Monday, January 28, 2013

Lazy locals and greedy aliens


Our writer investigates one cause of rising food prices in the Klang Valley.
P K See, 72, runs a foodstall inside a high-rise building in Kuala Lumpur. In a survey done in 2011, the popular blog TimeoutKL.com found that hers was one of the top joints in the city for its “mixed rice”.
But it was around that time that she noticed her daily profits sliding. She knew that the reason was the rising prices of vegetables. She blamed the rains for that and prayed that the weather would get better.
The rains did stop, but vegetable prices kept going up.
“The good times are gone forever,” she said in a recent interview.
See buys her vegetables from vendors at the Pudu wet market, who get their supplies from the Kuala Lumpur Wholesale Market in Selayang, known to locals as “pasar borong”.
See told me she was aware of a rumour that foreign nationals had taken control of the vegetable trade at pasar borong and had formed a price-fixing cartel.
I decided to check out the rumour myself and made a trip one morning to Selayang.
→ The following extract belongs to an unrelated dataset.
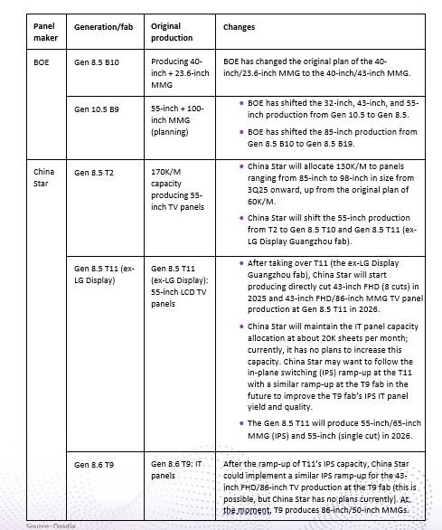 由于大尺寸液晶电视面板的强劲需求,面板厂商正在对其8.5代、8.6代和10.5代产线的产品组合进行一些调整。这些变化如下:

The market opens at 3am, but I thought it would be wise to go there around 10am, by which time most of the hustle and bustle would have been over and the stall operators would have the time to chat.
I spoke to vendors who were obviously Malaysian and who were obviously in the minority. According to them, about 90% of the vegetable section is controlled by immigrants from Myanmar who pay rent to the licensed Malaysian stall owners.
The pasar borong has 448 stalls and supplies three-quarters of the Klang Valley’s hypermarkets, wet markets, night markets and grocery shops. If it is true that a cartel controls vegetable prices there, then they must have an enormous influence on the cost of living in Kuala Lumpur and surrounding areas.

Price fixing

According to some allegations, most of the foreigners pay the going rental rate of RM4,000 a month for each stall, but the shrewder licensed owners are able to rent their stalls for two shifts over a 24-hour period. That means these owners are making a cool RM8,000 a month without selling anything.
“In the beginning,” a Malaysian butcher told me, “these foreigners were salaried workers. Some were caught stealing money, but some were stealing the produce to sell them at night markets. But there was a lack of enforcement, and things continued that way for a while.
“But they have become smarter. They can now conduct the businesses themselves, paying out large sums of money for bulk supplies and distributing them to retailers.”
Is it legal for a licensee to rent out his stall to another person? But the more pertinent question is this: Can’t the authorities do anything about price fixing?
Shouldn’t the government take some action to reduce the hardship experienced by a large portion of Malaysian households?
In November 2010, a news report quoted Kuala Lumpur City Hall officials as saying they would study problems at the pasar borong in Selayang. A mainstream newspaper said Deputy Federal Territories and Wellbeing Minister M Saravanan would look into the many problems related to foreign workers and cleanliness.
It has been more than two years since.
A top ministry official recently said the problems had remained unresolved because the geographical location of the market required cooperation between City Hall and the Selayang Municipal Council, which is under Pakatan Rakyat’s Selangor government.
Was he in fact saying that ordinary Malaysians are paying the price of animosity between political parties?